Sometimes late in the day while working with Visual Studio 2010 I start to get this error while building a project. “Error 104 Metadata file ‘bla bla’ could not be opened — ‘Not enough storage is available to process this command. ‘ I clean, rebuild and still get the same error.

The most common fix for this is creating or increasing the IRPStackSize value in the Parameters Key within the LanManServer config. This process requires an edit of your current registry so please do this with caution and create a backup before fiddling around.

The IRPStackSize is a parameter that specifies the number of stack locations in I/O request packets (IRPs) that are used by the operating system. Each stack uses 36 bytes of memory for each receive buffer and you can increase the IRPStackSize, through the Windows registry for some transports, media access control (MAC) drivers, or for file system drivers. The default value of the IRPStackSize parameter is 15. On my Windows 7 PC, for whatever reason, it was set to 10. I set it to 20 and have not had an issue anymore.

To do this follow the steps below:

1. Click on Start > Run > regedit & press Enter
2. Find this key name HKEY_LOCAL_MACHINE\SYSTEM\CurrentControlSet\services\LanmanServer\Parameters
3. Locate IRPStackSize
4. If this value does not exist Righ Click on Parameters key and Click on New > Dword Value and type in IRPStackSize under the name.
5. The name of the value must be exactly (combination of uppercase and lowercase letters) the same as what I have above.
6. Right Click on the IRPStackSize and click on Modify
7. Select Decimal enter a value higher than 15(Maximum Value is 50 decimal) and Click Ok
8. You can close the registry editor and restart your computer.

What is IRPStackSize

In computer science, specifically the science of operating systems, there are various methods used when dealing with memory. IRPStackSize is parameter specifically used in Microsoft Operating Systems. The IRPStackSize defines the number of stack locations in the input/output (I/O) packets requested by the operating system during software management.

The operating system is the real brain that controls the fast processing central processing unit (CPU). When we are using resources on a personal computer, the central processing unit, does the actual work, but it’s the operating system that does the logical managerial operations to prevent crashes and other issues.

A large portion of the operating system’s tasks deals directly with memory management. Software resources are stored in secondary memory, and RAM is used for actually processing by the central processing unit.

When we are using an application on the computer the central processing unit pulls the resources or software from storage memory and puts it in RAM. RAM is the only memory the central processing unit (CPU) can work. The operating system is constantly managing resources by taking them in and out of RAM.

These memory requests are made by input and output requests, based on predefined algorithms. Memory in the computer is organized in stacks. Stacks are areas in memory, where all the data is located and the operating system uses algorithms to add to and take from these stacks. The operating system uses LIFO (Last In First Out) to manage data requests by the user via the central processing unit.

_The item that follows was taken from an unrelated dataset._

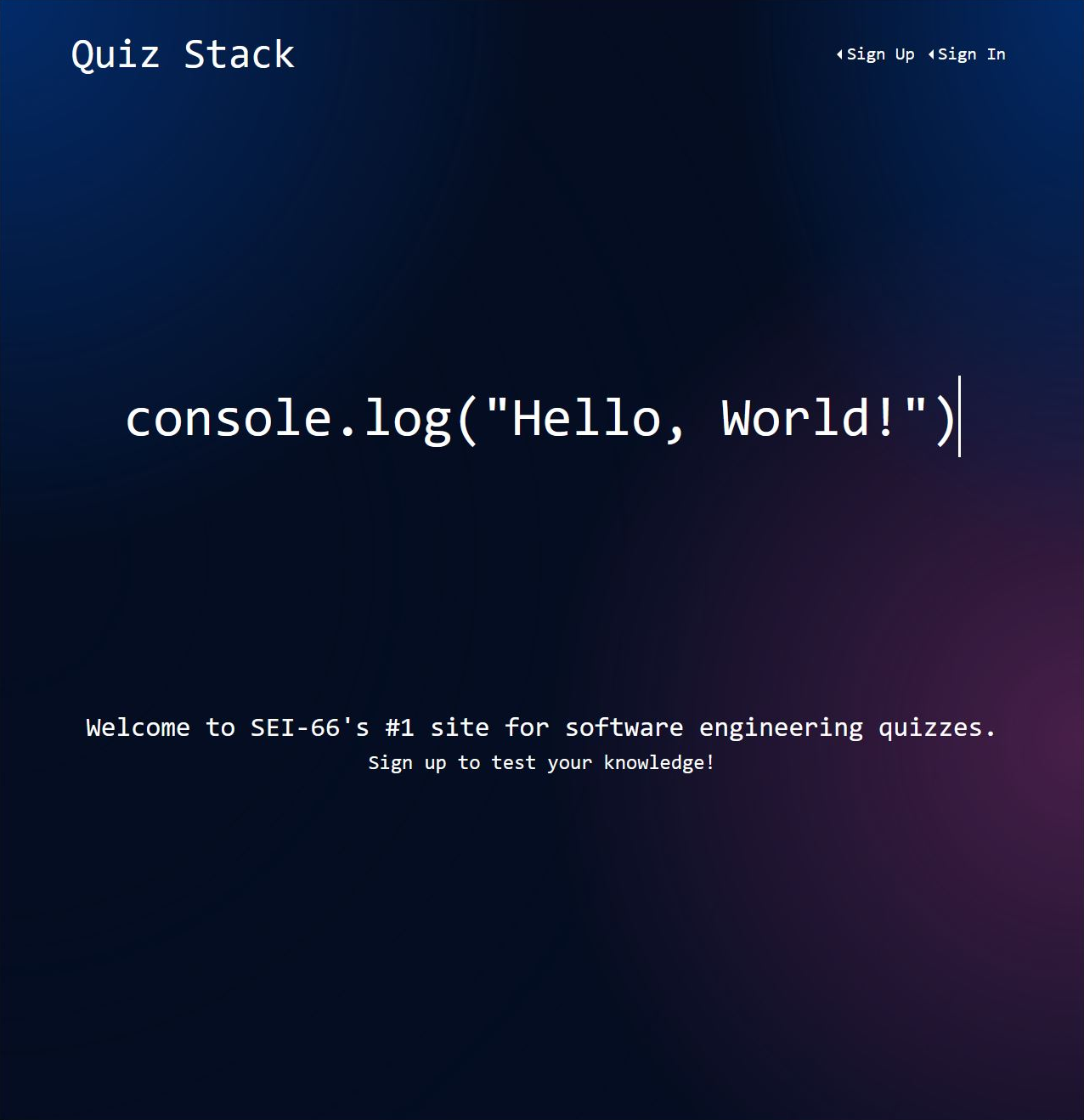 Completed during my 12th week on General Assembly’s Software Engineering Immersive, Quiz Stack is an application for junior developers (such as myself) to test their knowledge and use as a revision tool. I felt this idea would be beneficial not only to have use of such a tool but to build this tool in order to increase my own opportunities for learning. This project was built using MongoDB, Express, React, Node.js, JavaScript, jQuery, Bootstrap, HTML and CSS

Last In First Out, is the method the central processing unit inputs memory and pulls it. The Last In First Out process is just as the name suggests. The stacks are stored in ques, and the central processing unit puts (push) stacks on top of each and the last stack, will be the first one pulled out (pop). Stacks are units of memory, and this memory is stored in units of stacks that are only 36 bytes in size. IRStackSize, stands for input/output stack size, and the default parameter is 15.

The IRStackSize is defined in the registry of the operating system and located under the LanManServer. The LanManServer is service in the operating system that can be accessed via the registry. LanManServer is a service within the workstation services part of the client components in the registry.

The registry is a location where data is stored in a tree structure or hierarchical database. The registry contains very important information that is necessary for the operating systems to perform correctly. The data in the registry is grouped in areas called keys. Each of the keys has sub areas with more data, and this data is grouped in what is called keys. There are five types of registry keys: HKEY (local machines), HKCC (current config), HKCR (classes root), HKCU (current user), and HKU (users). In Windows NT only you have and additional registry key, HKEY PERFORMANCE DATA. For Windows 95 to Windows 2000 only, HKEY DYN DATA.

The IRPStackSize error occurs when dealing with resources that require lots of memory, so the central processing unit has to move large amounts of data in and out of RAM and storage memory. The error is telling us the server’s configuration parameter irpstacksize is too small to perform the operation

requested. The issue is the server’s configuration parameter irpstacksize. In order to fix the issue, you have increased the size of the stacks, and this is done by manipulating the registry keys. One of the good things about the Windows operating system, is you have the freedom to manipulate things like the registry keys, however, this is freedom to do so is very dangerous. It’s important to back up the registry before tinkering around with the registry keys.

To back up the registry for Windows 7, 8, 8.1 or 10:

From the start menu, open the search box and type regedit.exe, and hit enter. This opens the registry, then go to File, and select export, select the location you want to save the exported registry file and click save. I would suggest exporting the registry to an external storage location, like a thumb drive.
To restore the registry:

Open the registry editor again, by typing regedit.exe in the search box, and hit enter, select file, then import, browse to the location we save the exported registry too and select it.